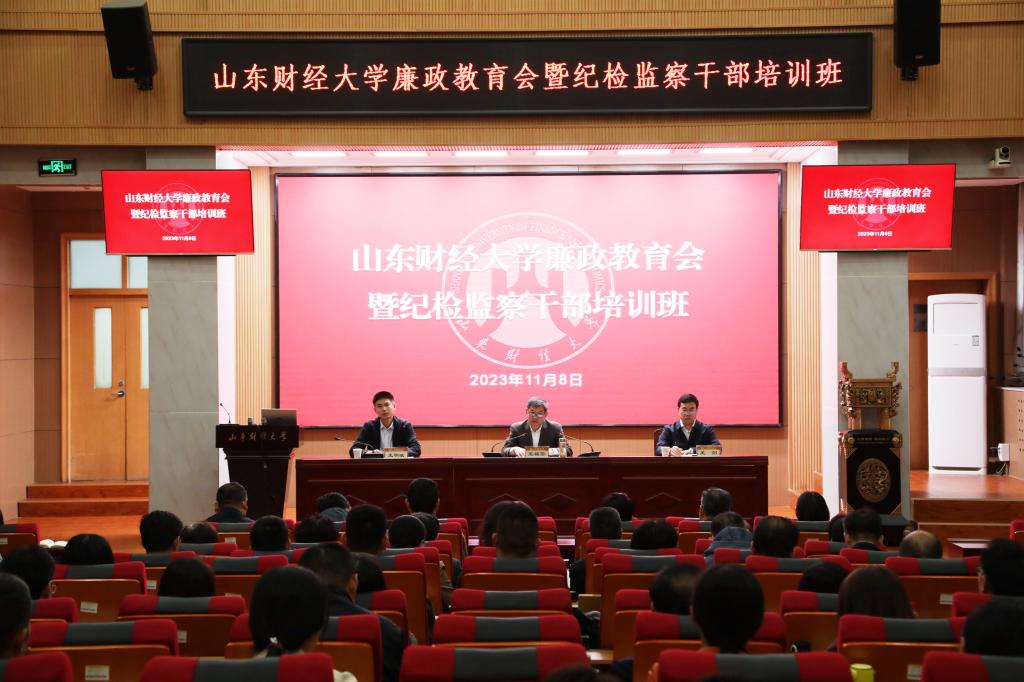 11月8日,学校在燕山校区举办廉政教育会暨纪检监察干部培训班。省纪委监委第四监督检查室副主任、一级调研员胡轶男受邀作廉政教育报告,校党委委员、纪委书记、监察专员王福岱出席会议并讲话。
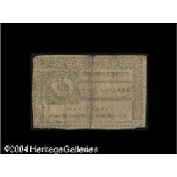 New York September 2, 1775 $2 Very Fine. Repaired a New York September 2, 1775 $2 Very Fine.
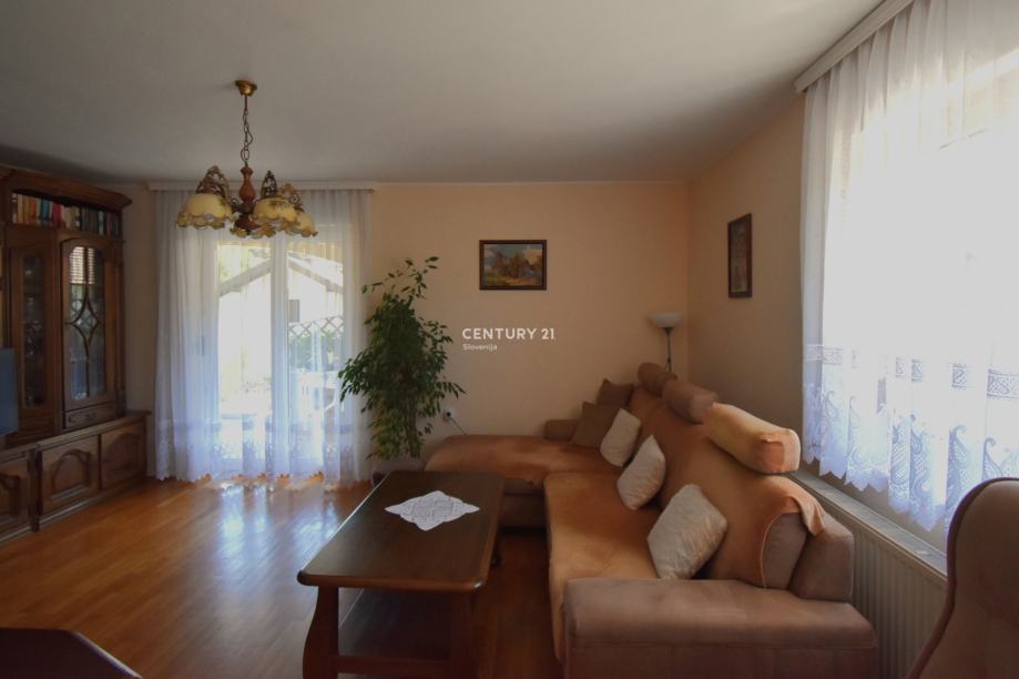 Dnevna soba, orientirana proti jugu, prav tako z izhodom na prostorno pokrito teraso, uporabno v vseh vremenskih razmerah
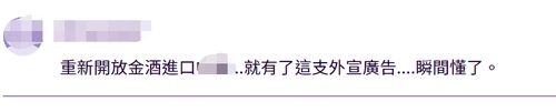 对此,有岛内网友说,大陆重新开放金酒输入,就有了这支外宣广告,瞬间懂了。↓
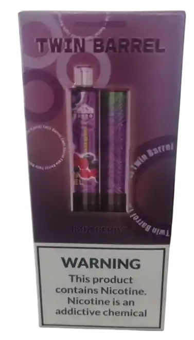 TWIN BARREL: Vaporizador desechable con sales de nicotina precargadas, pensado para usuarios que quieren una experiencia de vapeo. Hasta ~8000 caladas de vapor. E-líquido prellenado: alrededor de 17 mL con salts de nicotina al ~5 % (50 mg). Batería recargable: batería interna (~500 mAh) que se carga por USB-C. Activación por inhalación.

—————

Begin with the line that has "New York September 2, 1775 $2 Very Fine. Repaired" and continue to the last line of the entries, printing each line exactly and nothing else; include both ends and skip the pictures.

 New York September 2, 1775 $2 Very Fine. Repaired a New York September 2, 1775 $2 Very Fine.
 Dnevna soba, orientirana proti jugu, prav tako z izhodom na prostorno pokrito teraso, uporabno v vseh vremenskih razmerah
 对此,有岛内网友说,大陆重新开放金酒输入,就有了这支外宣广告,瞬间懂了。↓
 TWIN BARREL: Vaporizador desechable con sales de nicotina precargadas, pensado para usuarios que quieren una experiencia de vapeo. Hasta ~8000 caladas de vapor. E-líquido prellenado: alrededor de 17 mL con salts de nicotina al ~5 % (50 mg). Batería recargable: batería interna (~500 mAh) que se carga por USB-C. Activación por inhalación.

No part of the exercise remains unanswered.